Friday, April 10, 2009

Good Friday


Hosea 6:1-6 / Exodus 12:1-11 / John 18:1-40; 19:1-42

In his Summa theologiae, Thomas Aquinas asks whether Jesus Christ suffered all sufferings in his Passion. The reason for the question is surely not hard to find. Those who suffer find a special kind of solace in knowing that the one who loves them really knows what they have endured. It is not that misery loves company, or that those who suffer envy or resent those blessed with good fortune, although this too can be true. No, even for the best and virtuous, there is something assuring about the confidence that the one who tells us that all will be well, that the suffering, pain, and loss are not the final word, that God is in the midst of it all as our Advocate and Friend — that such a comforter can be trusted because he too has suffered. So, knowing whether Jesus, the Word made flesh, knew suffering as I know suffering is a question whose answer makes all the difference in the world.

Now, good Dominican that he is, Thomas makes here an important distinction. Jesus Christ, he notes, did not, indeed could not have endured every suffering specifically. Some sufferings are incompatible, such as death by drowning and death by burning. So, if we demand a Savior who encountered every single thing that threatens to assault and assail, then we demand foolishly and in vain. But, says Thomas, Jesus did endure every kind of suffering.

Now, here is where the Angelic Doctor surprises us. We might imagine that Thomas would place the physical agony of Christ in the first place, but he does not. Nor does he place the suffering as a person first, although he has much to say here. No, the first account of suffering endured by the God-Man is social, the suffering from all kinds of men: from Jews and Gentiles, from men and women, from rulers, their servants and the mob, and (significantly) from friends and acquaintances — the betrayal of Judas and the denial of Peter. Of his personal suffering, Thomas gives a full list: the blasphemies assaulting his reputation, the mockeries and insults against his honor and glory, the taking of his sole possession in the taking of his clothing, in the sadness, weariness and fear of his soul, and in the scourging and wounds in his body. Yet, in addition to these, and at the head of the list, we find the suffering endured by Christ from having his friends abandon him. And, in enumerating the ways in which Christ suffered in his members and his senses — his head from the crown of thorns, his hands and feet from the nails, his face from blows and spittle, his whole body from lashes, his taste with vinegar and gall, his smell "by being fastened to a gibbet in a place reeking with the stench of corpses," his hearing by the cries of blasphemers and scorners — Thomas crowns the whole list with that noblest and most rational, and thus human, of senses, namely sight. And how did Christ suffer in his sight, according to Thomas? By beholding the tears of his mother and of the disciple whom he loved.
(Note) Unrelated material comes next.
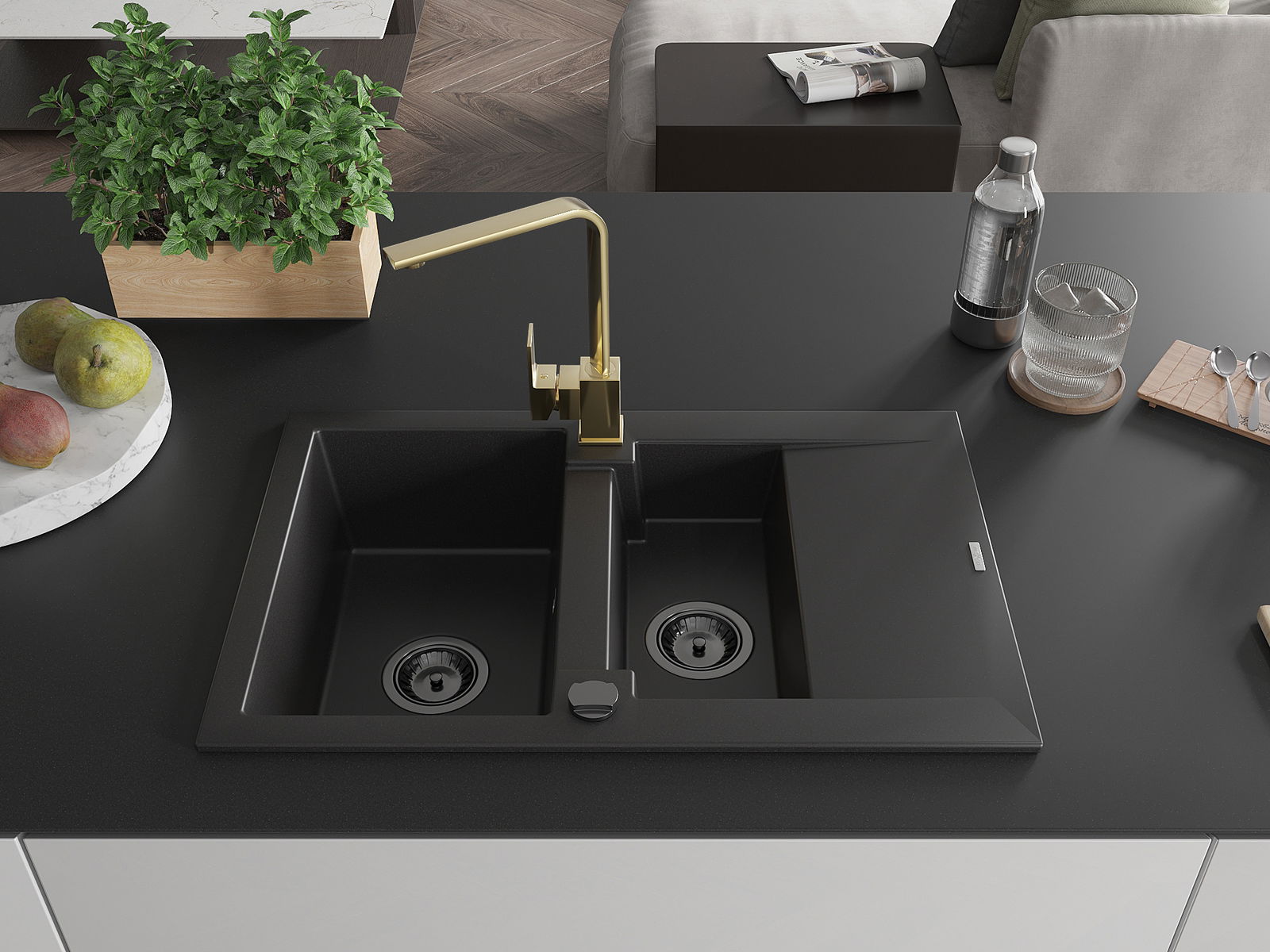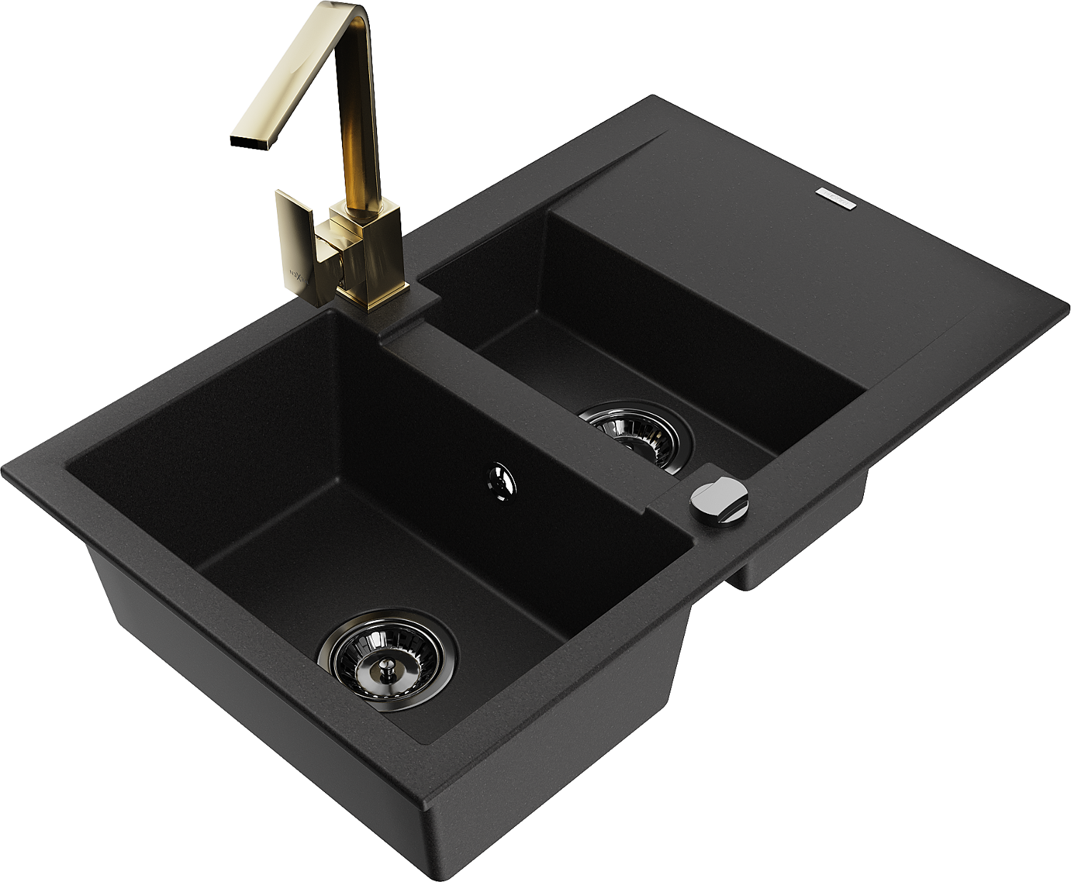 Mexen Gaspar žulový drez 1,5-komorový s odkvapkávačom a kuchynskou batériou Rita, čierny - 6507-77-670300-50-B

For Thomas, the worst of the Passion was not the agony of the body, although that was horrifying and enough to make even the elect give pause. It was not the assaults on one's person either, whether internally in the soul or externally in name and possessions, even though these were also cruel. No, the worst of the Passion was, according to Thomas, the assault of that communion of persons which we call friendship, that brutal tearing of the noble joining of hearts we call love. The one theme, the one lash that marks across his whole account is the suffering of Jesus Christ in the violation of what it means to be joined to another in love — in the betrayal, treason and abandonment by his most intimate friends, and in knowing and witnessing the agony suffered by those one loves above all others, aware that this suffering of theirs has come about by what he has freely chosen.

Our Lord and Savior died from friendship abused for a friendship surpassing all of our wildest hopes. He hung on the cross by the iron nails of love betrayed with a love so hot it could leave the whole world in ash if he would unleash the slightest spark. Or, in the word of the great English poet Mitlon: O unexampl'd love, / Love nowhere to be found less than Divine! / Hail Son of God, Saviour of Men, thy Name / Shall be the copious matter of my Song / Henceforth, and never shall my Harp thy praise / Forget, nor from thy Father's praise disjoin.